Your goal
Quote the records exactly, starting at the first line and stopping after the line with "The texture and"; skip the pictures.

Material for this task
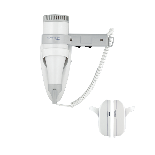 Asciugacapelli da parete con motore professionale, pulsante di sicurezza acceso/spento, tasto di regolazione 2 velocità – 3 temperature, cavo spiralato rinforzato, cavo di alimentazione scollegabile per eventuale collegamento diretto a cavo di rete che esce dal muro e interruttore di sicurezza per poterlo spegnere durante le operazioni di pulizia (I), presa rasoio bivoltaggio (RB), salvavita (D), 1400 o 1600 Watt.
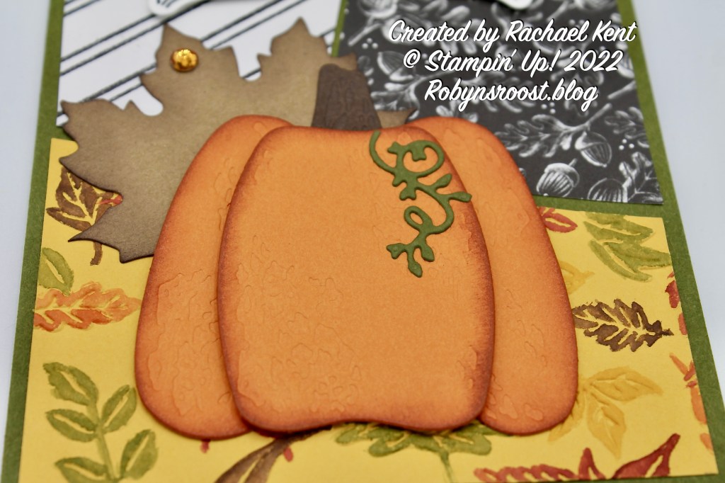 The texture and coloring on this card is amazing! The Leaf Label has sponged edges as well as the pumpkin. The center of the pumpkin is raised up with dimensionals for a 3D appearance, as well as the greeting.
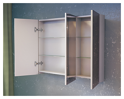 Зеркальный шкаф Raval Great 100 выполнен в стиле модерн и позволяет эффективно задействовать пространство в небольшой ванной комнате. Модель оснащена 4 стеклянными полками и 3 зеркальными дверцами. Корпус и фасад выполнены из ЛДСП и покрыты белой краской, предназначенной для использования во влажных помещениях, что обеспечивает изделию привлекательный внешний вид, а также износостойкость и долговечность. Особенности:
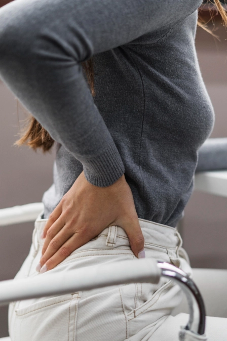 Радикулит — это воспаление или раздражение корешков спинномозговых нервов, чаще всего в поясничном отделе. Проявляется резкой болью в спине, которая может отдавать в ногу, сопровождаться онемением или покалыванием.
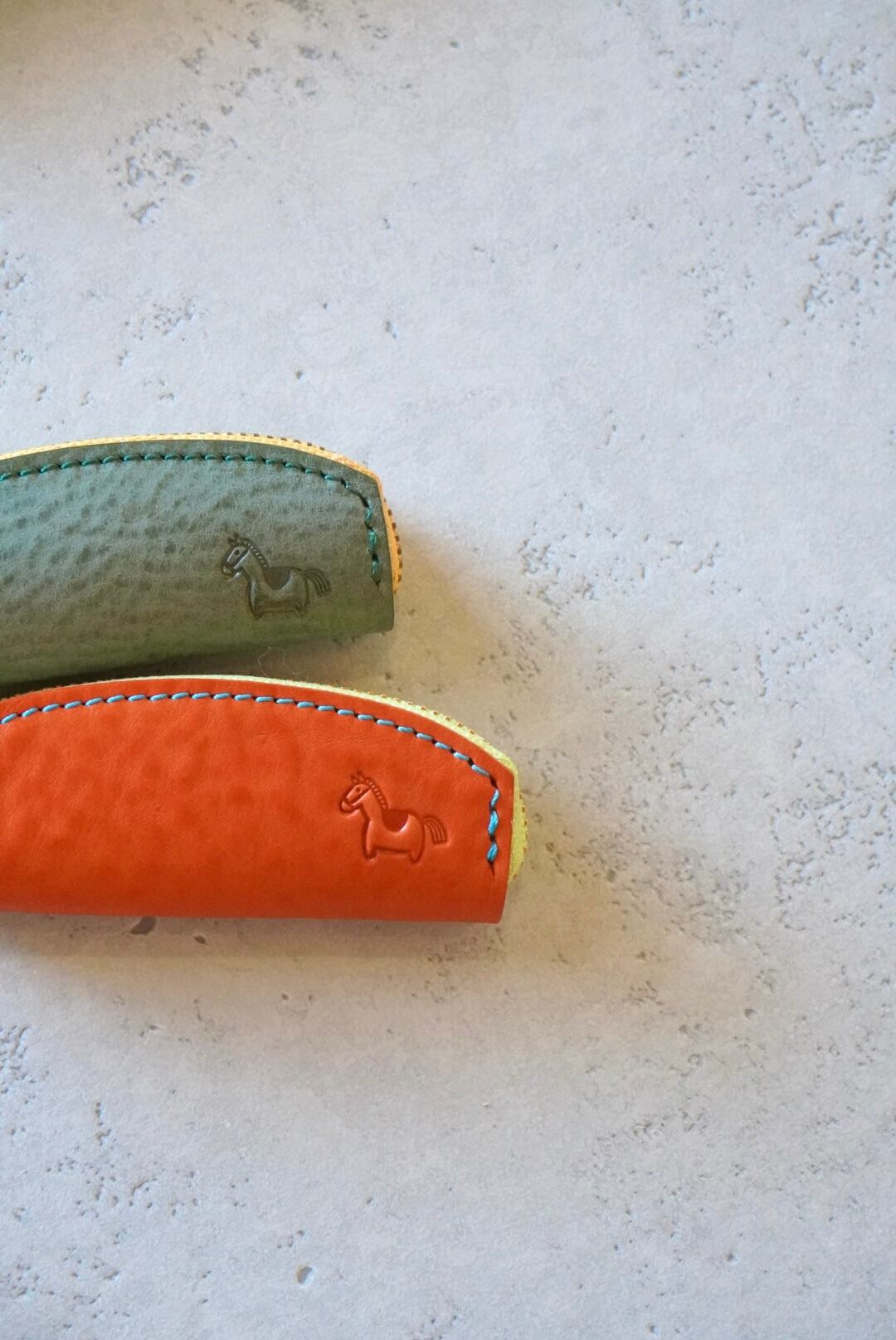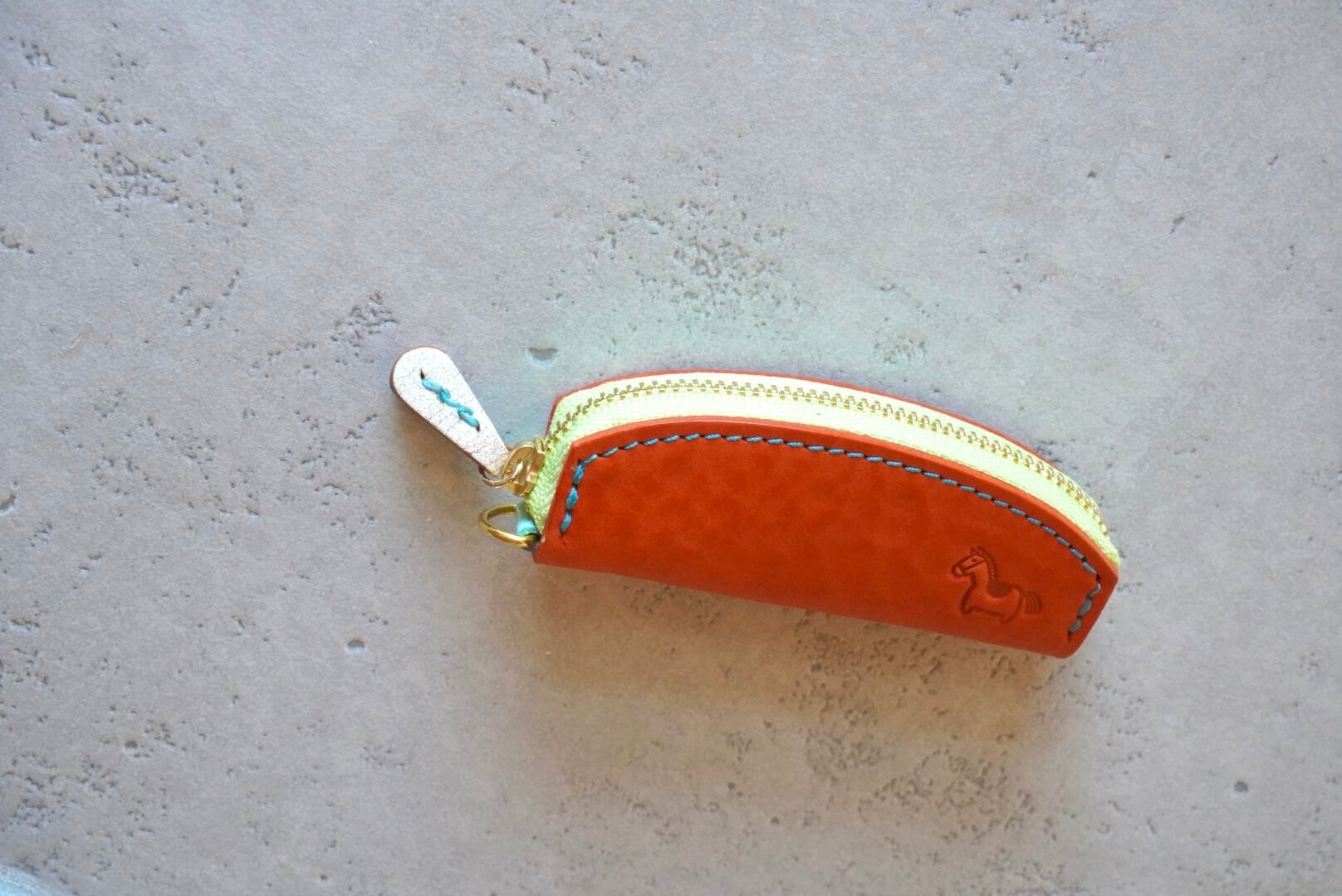 馬の刻印・手のひらサイズの本革コインケース オレンジ|ぱっと開いてコインが一列に並んで見やすい!
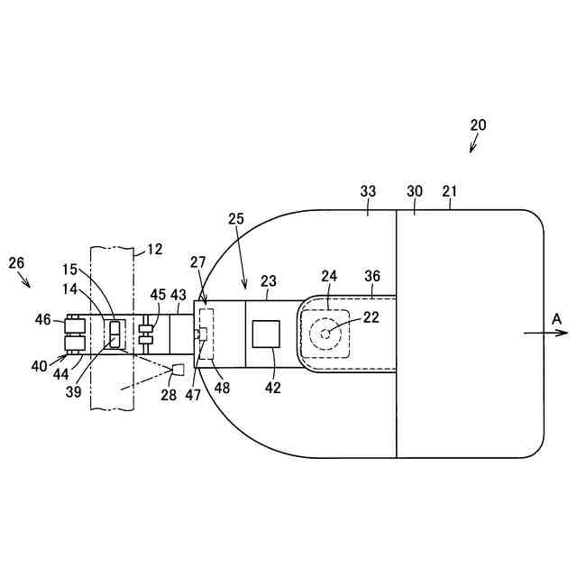 図1に無人搬送車が牽引対象とする牽引物10の一例を示す。牽引物10は、床面等の走行面上を走行可能とする例えば台車であり、詳しくはカートラックを例に説明する。牽引物10は、長尺状の荷台部11と、この荷台部11の下面側で長手方向の両端および中央の各位置に配設された複数の枠部12と、これら枠部12の下面側に配設された複数の車輪13とを備えている。牽引物10は、荷台部11の長手方向(前後方向)の一方または他方に向けた方向に走行可能とする。
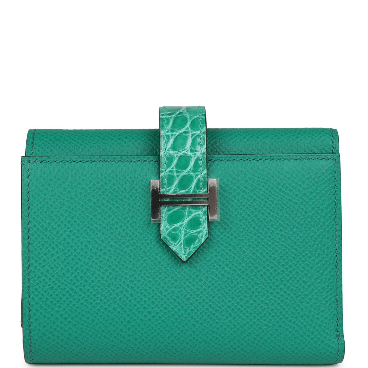 This Bearn Compact Wallet is a Touch in Vert Jade Alligator and Epsom leather with palladium hardware, tonal stitching, and front flap with a pull strap "H" closure.
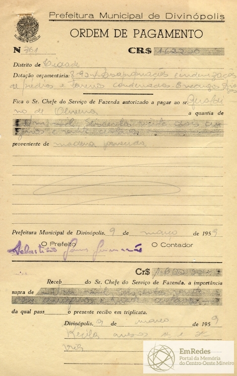 PREFEITURA MUNICIPAL DE DIVINÓPOLIS, 09 DE MARÇO DE 1959.
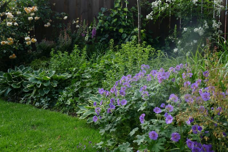 mir gefällt der Garten auch. Sieht man selten, so etwas durchgestaltetes. Am meisten fällt mir der Stamm im Hintergrund zwischen Nassella tenuissima auf. Korrespondiert mit den anderen beiden Gehölzen und ist ein starker Kontrast zu der vollen hellgrünen Belaubung auf der rechten Seite. Räume gliedern sich in Positiv/Negativ Formen/Leere. Den Verzicht auf Pastellfarben finde ich angenehm. Die roten Blüten des Geums sehen aus als ob sie aus dem Gras herausschössen, wie bei einem Feuerwerk. Eine sehr tolle Kombination. :D Nur das rotlaubige Heuchera passt in meinen Augen nicht. ;)

Solution to this problem
 Asciugacapelli da parete con motore professionale, pulsante di sicurezza acceso/spento, tasto di regolazione 2 velocità – 3 temperature, cavo spiralato rinforzato, cavo di alimentazione scollegabile per eventuale collegamento diretto a cavo di rete che esce dal muro e interruttore di sicurezza per poterlo spegnere durante le operazioni di pulizia (I), presa rasoio bivoltaggio (RB), salvavita (D), 1400 o 1600 Watt.
 The texture and coloring on this card is amazing! The Leaf Label has sponged edges as well as the pumpkin. The center of the pumpkin is raised up with dimensionals for a 3D appearance, as well as the greeting.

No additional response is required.